Unravelling catalytic activity trends in ceria surfaces toward the oxygen reduction and water oxidation reactions

Abstract

Improved catalysts are critical for more environmentally friendly, and long-term oxygen electrochemical reactions. Computational catalysis can provide atomic level information that is critical for optimizing the next generation of electrocatalysts. It has been demonstrated that by varying the exposed planes, the catalytic performance of metallic oxides can be tuned. Herein, we investigate the role of CeO₂ surface orientations (100), (110), (111), (221), and (331) in enhancing catalytic activity toward various oxygen electrochemical reactions ranging from 4- and 2-electron oxygen reduction reactions (ORR) to 4-, 2- and 1-electron water oxidation reactions (WOR) using density functional theory (DFT) calculations in conjunction with the computational hydrogen electrode.

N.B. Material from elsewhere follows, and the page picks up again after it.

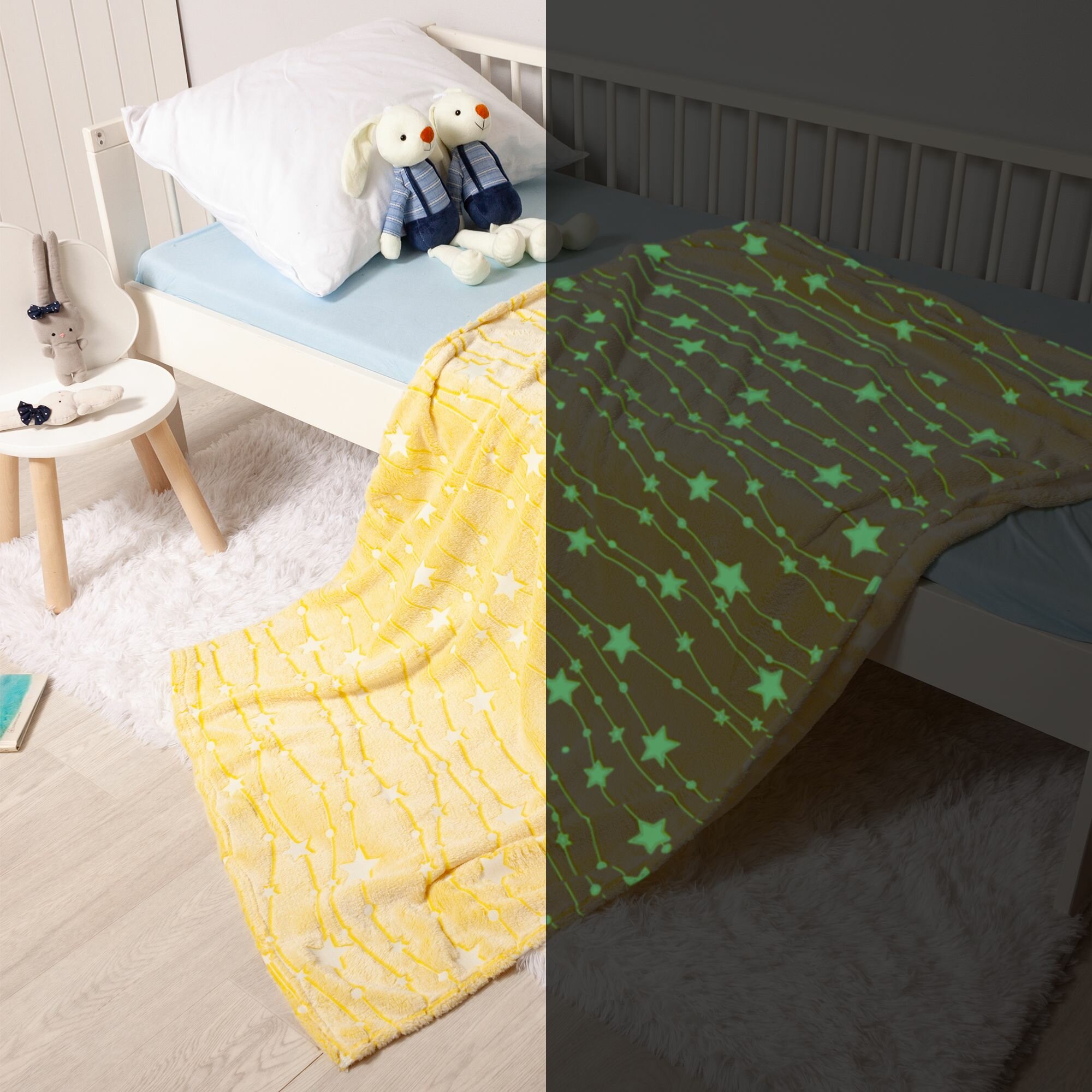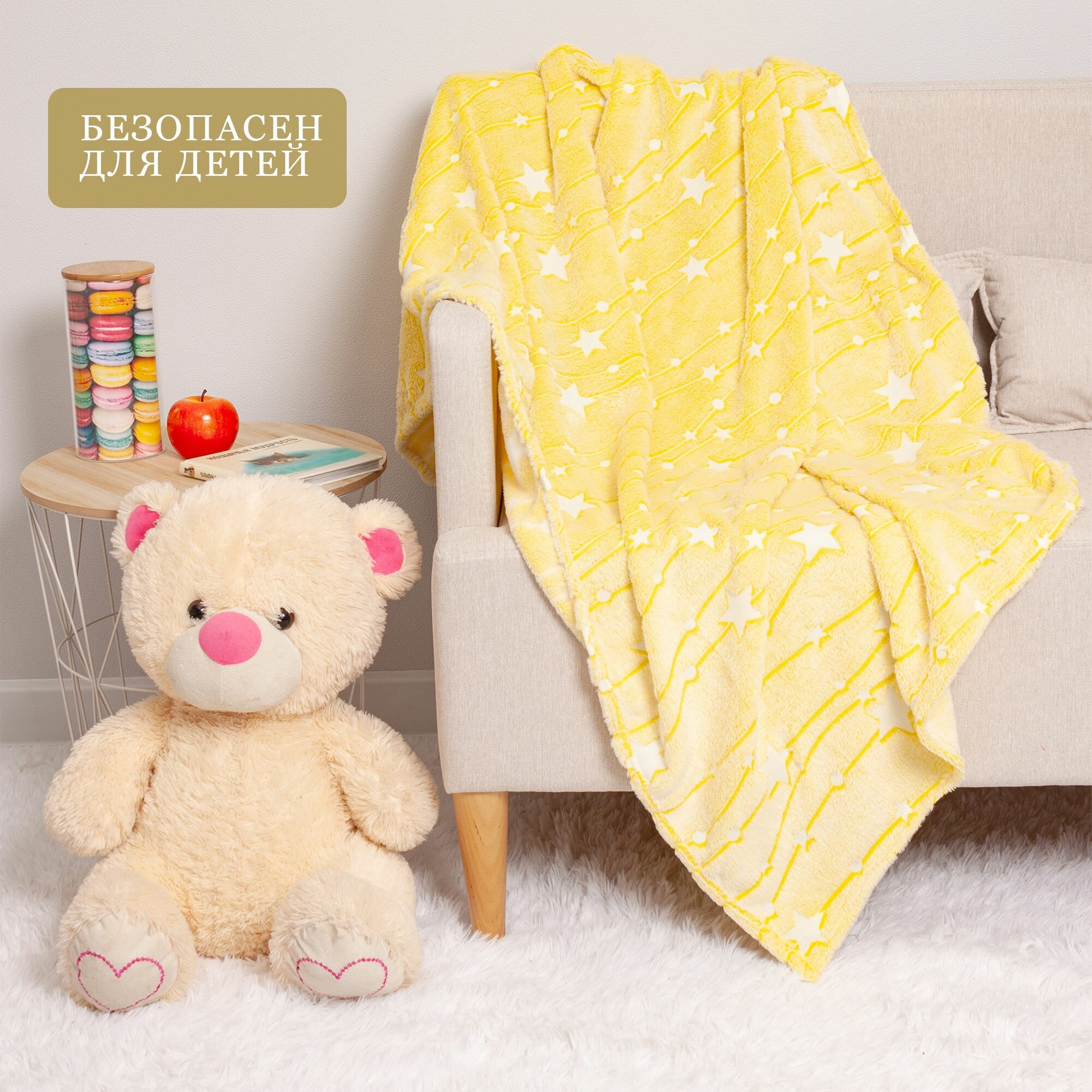 Плед велсофт детский 100х150 см (светится в темноте) Стелла, звезды / желтый информация:

Our results indicate that the CeO₂(100) facet is the most promising for 4-electron ORR, with a theoretical limiting potential of 0.52 V. We also show that the presence of oxygen vacancies can enhance the 4-electron ORR activity of the CeO₂(110) and CeO₂(111) surfaces. Besides, CeO₂(100) is selective for the 4-electron WOR while CeO₂(110) and CeO₂(111) are selective for the 2-electron and 1-electron WOR, respectively. Oxygen vacancies shift all the above three facets towards the 4-electron WOR. This work sheds light on the role of different ceria facets in various oxygen electrochemical reactions which is critical for developing better catalysts.